Beatriz CURTI-CONTESSOTO et Leda Maria ALVES (« Os regimes de bens no Direito brasileiro do século XIX ao XXI : processos de neologia e necrologia terminológicas em foco », pp. 353-368) analysent l’évolution de la terminologie juridique relative aux concepts de communion/séparation des biens en droit brésilien entre 1890 et 2013. L’analyse terminologique proposée se penche sur la variation terminologique en diachronie considérant les concepts de néologisme et nécrologie dans l’histoire de la pensée juridique au Brésil au cours des deux derniers siècles.
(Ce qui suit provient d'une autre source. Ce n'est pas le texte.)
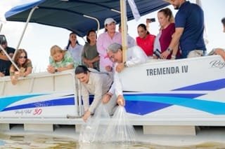 Reafirmando su compromiso con la preservación del ecosistema sur tamaulipeco, la alcaldesa Mónica Villarreal encabezó este día la siembra de siete mil juveniles de Lobina Negra en el Sistema Lagunario de Tampico, acción que contribuirá a fortalecer la población de esta especie acuática y al desarrollo de una pesca responsable.

Le volume se termine par la contribution de Maria Margherita MATTIODA intitulée « La terminologie de la mode durable : quels défis pour la traduction des anglicismes Fast Fashion et Slow fashion ? », (pp. 369-393). L’auteure explore le domaine émergent de la mode durable et sa terminologie qui est en train de se construire et de se répandre dans différents types de discours (institutionnel, commercial, médiatique) en France et en Italie. Les bases de données terminologiques considérées pour les analyses sont FranceTerme, le Grand Dictionnaire Terminologique et TERMIUM Plus© et IATE. Les anglicismes fast fashion et slow fashion sont les mots-clés recherchés afin de détecter les équivalents. Les traducteurs automatiques tels que Google Traducteur et DeepL proposent des calques ou des emprunts à l’anglais. L’auteure ouvre des pistes pour des développements futurs sur l’approche quantitative de corpus parallèles afin d’apporter de nouvelles perspectives et de cerner les spécificités de la terminologie liée à la mode durable.
Dans l’ensemble, le volume contribue à la réflexion sur les méthodologies axées sur l’analyse des données discursives, ainsi que pour l’importance dominante du contexte à l’intérieur du domaine néologique. Les contributions proposées encouragent l’ouverture de nouvelles pistes pour les études en néologies dans les langues romanes, dépassant non seulement les frontières linguistiques et épistémiques, mais aussi les paradigmes dominants.